> [What the task asks] Please return exactly the lines from the beginning of the listing up to and including the line with "Napój migdałowy marki", with no pictures.

Provided material section start

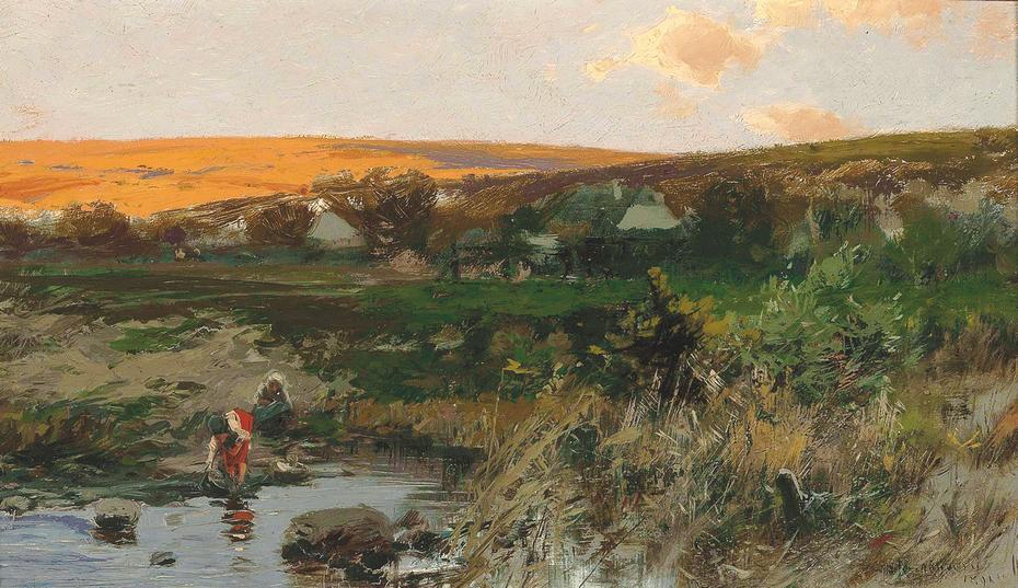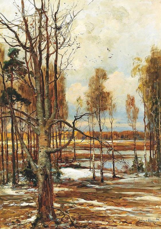 Ю.Ю. Клевер. Ранний весенний пейзаж с буковым деревом на переднем плане
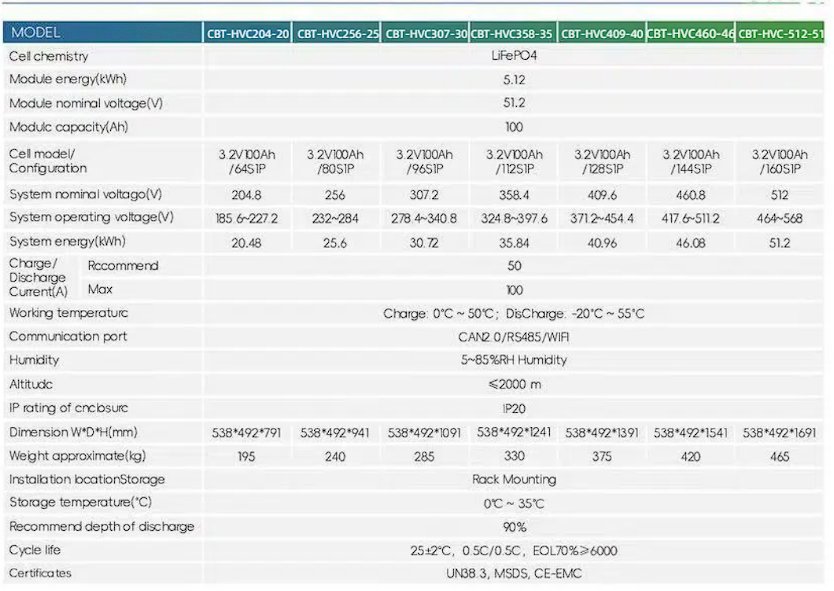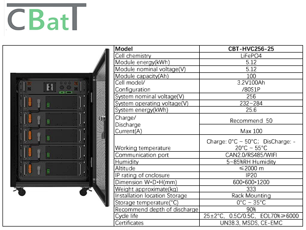 CBT-HVC256-25 -vysokonapäťové batériové úložisko
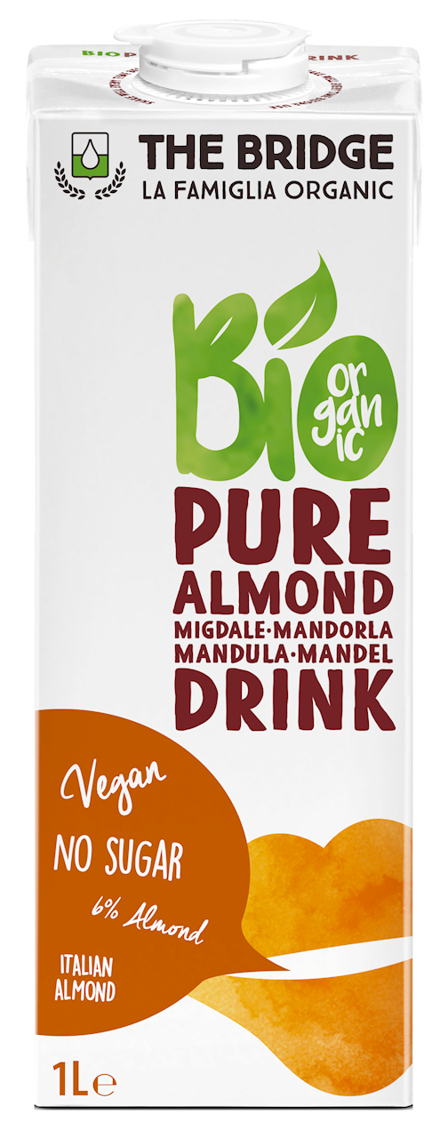 Napój migdałowy marki The Bridge to produkt z wyróżniający się podwojoną zawartością MIGDAŁÓW w porównaniu do standardowych napojów roślinnych.
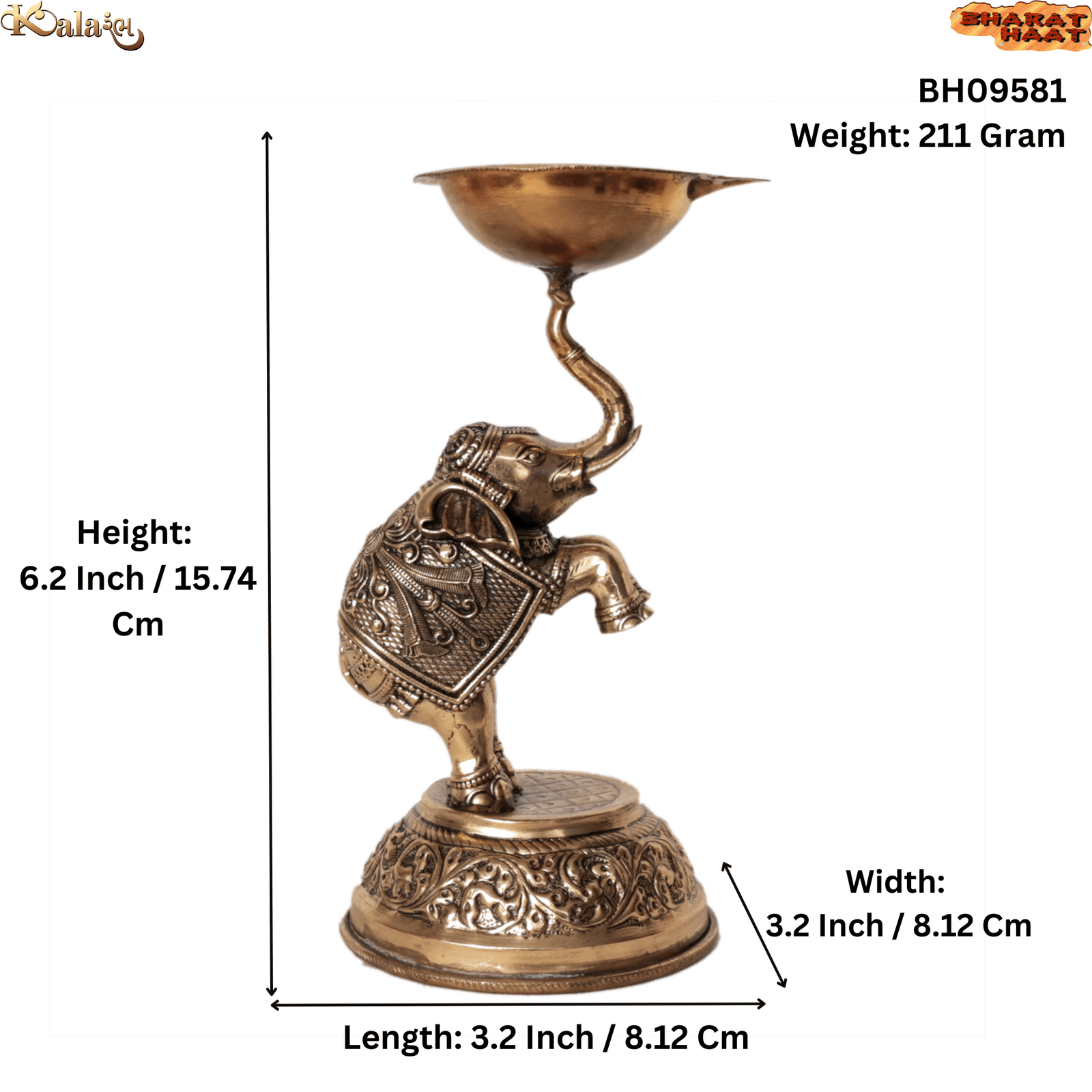 This Brass Elephant Diya is not just a lamp—it is a symbol of light, prosperity, strength, and auspicious beginnings, bringing warmth and positive vibrations into your sacred space.

Provided material section end

> [Completed task]
 Ю.Ю. Клевер. Ранний весенний пейзаж с буковым деревом на переднем плане
 CBT-HVC256-25 -vysokonapäťové batériové úložisko
 Napój migdałowy marki The Bridge to produkt z wyróżniający się podwojoną zawartością MIGDAŁÓW w porównaniu do standardowych napojów roślinnych.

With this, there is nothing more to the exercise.